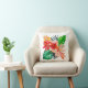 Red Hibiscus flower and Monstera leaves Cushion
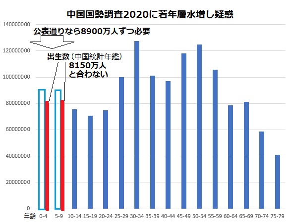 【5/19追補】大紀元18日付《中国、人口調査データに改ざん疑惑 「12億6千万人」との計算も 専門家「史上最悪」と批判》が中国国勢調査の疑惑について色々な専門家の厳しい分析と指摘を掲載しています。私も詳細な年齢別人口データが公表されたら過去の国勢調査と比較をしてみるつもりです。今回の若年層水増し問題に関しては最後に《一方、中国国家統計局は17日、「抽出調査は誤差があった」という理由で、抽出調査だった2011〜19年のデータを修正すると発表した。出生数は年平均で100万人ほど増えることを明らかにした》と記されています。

__________________________________________________

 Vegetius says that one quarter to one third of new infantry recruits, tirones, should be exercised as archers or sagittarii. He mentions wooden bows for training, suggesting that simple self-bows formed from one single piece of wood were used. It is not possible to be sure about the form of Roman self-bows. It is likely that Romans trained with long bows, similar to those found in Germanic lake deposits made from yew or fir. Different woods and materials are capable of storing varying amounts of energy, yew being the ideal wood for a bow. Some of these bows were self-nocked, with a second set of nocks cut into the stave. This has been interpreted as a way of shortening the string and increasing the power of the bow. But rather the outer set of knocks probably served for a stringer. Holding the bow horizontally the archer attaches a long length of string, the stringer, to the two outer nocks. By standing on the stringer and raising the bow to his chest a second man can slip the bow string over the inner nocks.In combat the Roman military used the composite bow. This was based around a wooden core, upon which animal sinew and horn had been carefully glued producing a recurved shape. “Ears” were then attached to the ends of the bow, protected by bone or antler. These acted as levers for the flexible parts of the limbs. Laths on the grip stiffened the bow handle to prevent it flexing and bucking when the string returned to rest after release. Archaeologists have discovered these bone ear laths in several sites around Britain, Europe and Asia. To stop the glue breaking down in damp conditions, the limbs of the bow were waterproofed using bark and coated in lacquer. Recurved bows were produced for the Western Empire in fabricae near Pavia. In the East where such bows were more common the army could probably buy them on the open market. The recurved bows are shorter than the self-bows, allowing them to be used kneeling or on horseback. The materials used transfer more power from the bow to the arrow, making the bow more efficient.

__________________________________________________

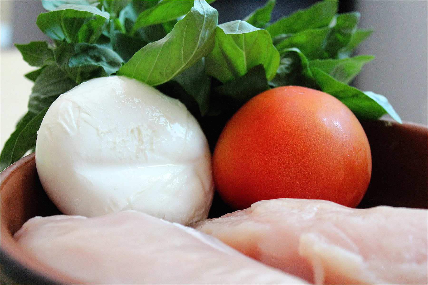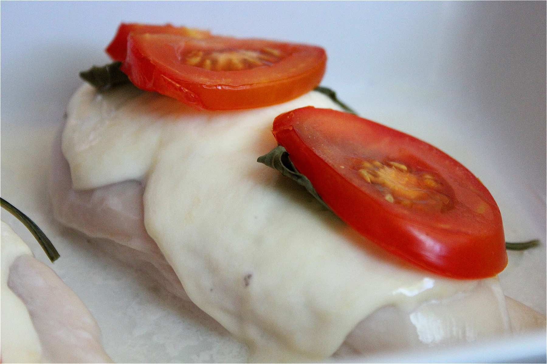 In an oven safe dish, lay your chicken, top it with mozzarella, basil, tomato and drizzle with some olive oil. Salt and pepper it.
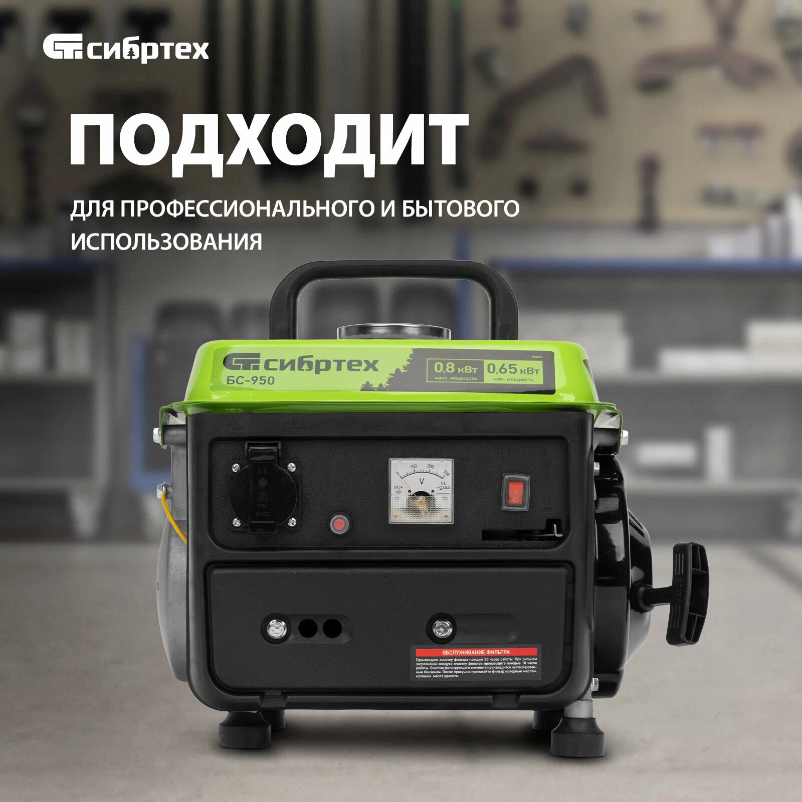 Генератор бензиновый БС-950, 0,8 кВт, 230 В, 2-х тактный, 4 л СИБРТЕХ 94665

__________________________________________________

> **Exercise instructions**:
Copy out exactly the lines above beginning with the line that contains "In an oven safe" and finishing with the line that contains "Генератор бензиновый БС-950, 0,8", including both; leave the pictures out.

> **Completed task**:
 In an oven safe dish, lay your chicken, top it with mozzarella, basil, tomato and drizzle with some olive oil. Salt and pepper it.
 Генератор бензиновый БС-950, 0,8 кВт, 230 В, 2-х тактный, 4 л СИБРТЕХ 94665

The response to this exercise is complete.